Professor Yoon sat down at his desk with his back to me. He looked frail and tired. I watched him for a moment and then put the manuscript in my bag, left the office, and quietly closed the door. I looked at his name printed on the office door, turned the sign next to it to read
out of office
, and walked down the hallway. I made my way over to the big zelkova tree. I thought maybe Myungsuh and Miru would be there, but they were nowhere to be seen. A group of students walked quickly past. I sat on a bench beneath the tree and looked up. The distant sky was passing from summer to early autumn; white clouds like mounds of ice cream floated past. A breeze whispered through the branches. Had the school always been like this? The sting of tear gas in the air was the same as before, but the yew trees planted like a wall around the campus had never looked so green. Some distance away, the students I had just seen in the classroom were sitting on the grass together and talking. Their conversation carried all the way to where I sat beneath the zelkova. They were talking about the story of Saint Christopher.

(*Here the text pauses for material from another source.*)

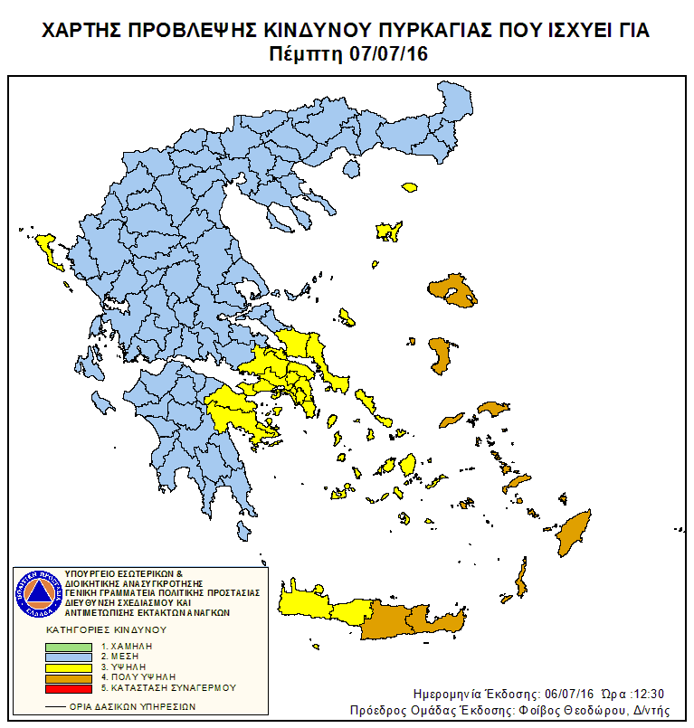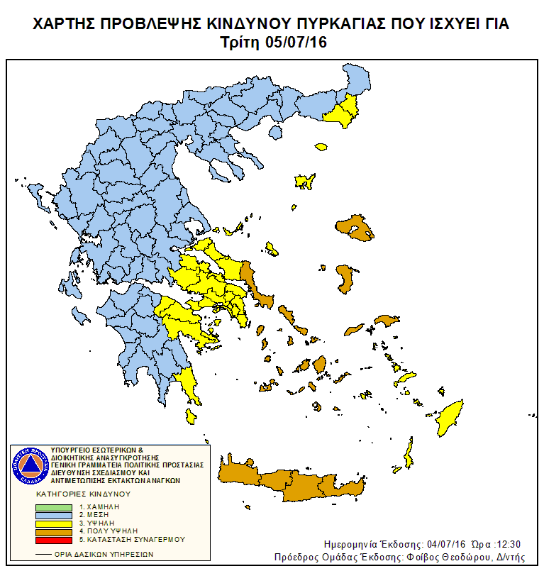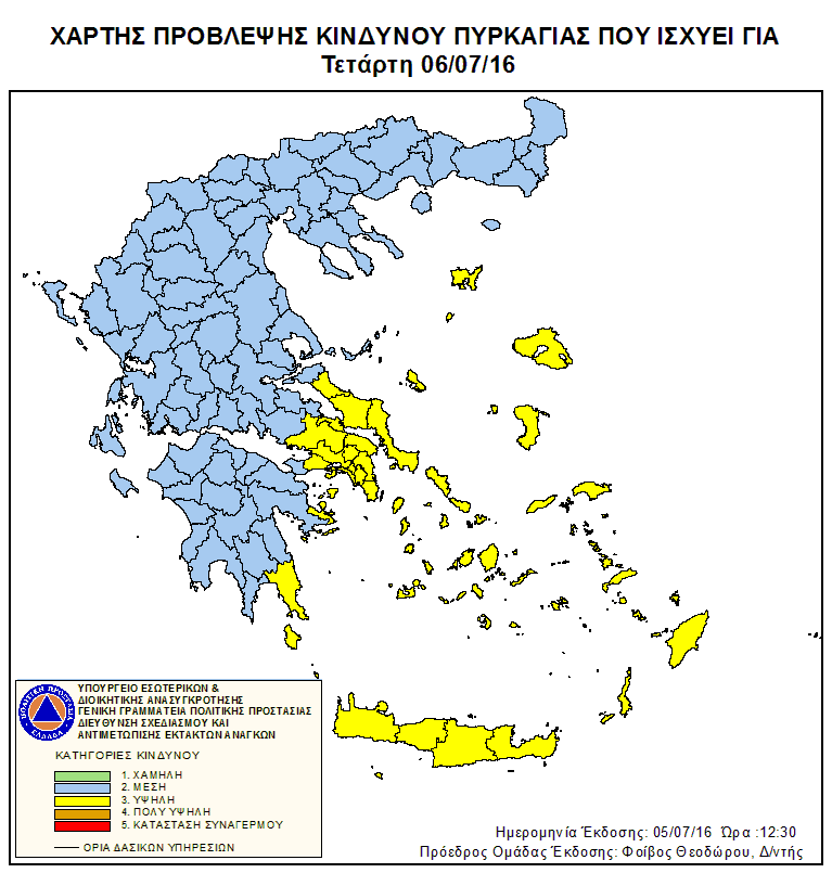 Ημερήσιος Χάρτης Πρόβλεψης Κινδύνου Πυρκαγιάς 05/07/2016
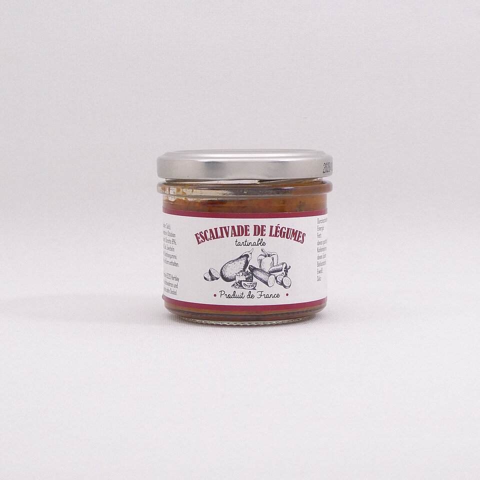 Herzhafter Aufstrich aus Paprika, Aubergine, Zucchini, Tomaten, Karotte, Schalotten, Zwiebeln und Olivenöl.

“So, my young Christophers!” Someone was mimicking Professor Yoon. “Can someone answer the title of this book?”

He was holding up the textbook for Professor Yoon’s writing class. It was titled
What Is Art?

“Not demonstrating!” someone shouted in a self-mocking tone, and the cheerful mood instantly turned quiet. “Of what use is art to us? It can’t teach us how to make money or get a job. It can’t tell us how to succeed in romance. And it definitely can’t tell us whether or not we should demonstrate!” He was speaking in a high-pitched voice, as if to lift the mood, but it didn’t help. He fell back on the grass, looked up at the sky, and said, “Remember what Rimbaud said. The best thing in life is getting drunk on cheap liquor and sleeping on the beach.”

“So what are you supposed to do after you sober up? What can you do?”

“Find more cheap liquor and roam the streets.”

“Idiot!” the student who had mimicked Professor Yoon yelled. “You think you can live your whole life like some old bohemian?” He got up and ran off.

The boy lying on the grass sat up and looked over at the shouting student protesters. I rose from beneath the tree and walked around the old stone buildings on campus and the newer ones with elevators. I had never wandered around campus so intently before. Each time I saw a group of students, I scanned their faces. I didn’t know at first who I was looking for. Once I realized I was looking for Myungsuh and Miru, I trudged back to the zelkova tree and sat there for a long time. They were nowhere to be seen.